While OpenSSH can be used to encapsulate lots of things and it is much more than a single secure shell, it does not absolutely depend on a Linux or a BSD kernel.
However ask the SAMBA guys what it took to implement SAMBA 4, they had to recreate many parts of windows including a registry!!!!
Microsoft's RDP's modern implementation requires half of Windows to work if you intend to connect through a TS Gateway.
And so on and so on.
The point is they will implement some OpenSSH functionality that they need to tick some boxes off on some marketing product brouchure, and to try to keep Windows sysadmins from running any form of Linux/Mac through convenience.
The SAMBA guys had to implement a registry because /that's what SAMBA 4 is/
You might perhaps be under the mistaken belief that SAMBA 4 is just an implementation of SMB, like SAMBA 1?
SAMBA 4 is an implemenation of Active Directory. Active Directory is a replicated database system. Wait for it ...
... the "SAMBA guys" had to implement a replicated database system to implement AD....
"What next SFTP added to IIS?"
That's been an option for about 7 years now:
http://www.iis.net/learn/get-started/whats-new-in-iis-7/what39s-new-for-microsoft-and-ftp-in-iis-7
Security and support for new Internet standards:
One of the most significant features in the new FTP service is support for FTP over SSL.
Erm, no SFTP is not supported in IIS.
Even the article you link to specifically states SFTP is not supported!
Quote from the page you linked: "Microsoft currently does not provide a solution for securing FTP traffic using FTP over SSH (SFTP).".
FTP over SSL is FTPS, not SFTP, completely different protocols!

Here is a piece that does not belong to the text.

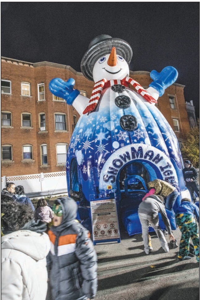
Kids flock to the Snowman Bouncy-House.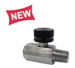
Adustable Snubbers / Gauge Shut-Off Valves

Quote: "Why would they want to when they already support FTP over SSL / TLS which is a far more sensible, flexible and more commonly used solution for secure FTP."
In my experience, at enterprise level integration for the last 8-9 years, I'd say the number of SFTP (SSH) connections outnumbered FTPS (SSL) connections by around 5 to 1.
FTPS is still plain old FTP underneath, which is a legacy out of date protocol, that should have died a death years ago.
The Integration and Security Policies for several clients I've worked for (corporate sized UK, US and French clients), consider FTPS (SSL) a depreciated legacy protocol, and do not allow it on new applications or services.
The preference being HTTPS for real time or near real time, or SFTP (SSH) for batch or large data transfers (e.g. 50MiB+).
FTPS - SSH (in comparison with FTPS - SSL) is easier to configure and manage, more resilient (auto restarting etc), better through Firewalls (only 1 port to configure, rather than a command port and data port range), easier to use with load-balancers etc etc.
It's also helped by the fact that most applications servers tend to be *NIX based, which of course supports SSH out-of-the-box. So why bother setting up FTPS, when SFTP is so much easier and more common.
Okay, so they've announced support - but no dates yet. Will it be in time for the Win10 launch? Will it be this year, next year or so far in the future that it's actually irrelevant?
I am pleased that they are finally acknowledging demand and catching up with 20 year old authentication protocols, but a vague promise that it will eventually become available is about as much use as an ashtray on a motorbike!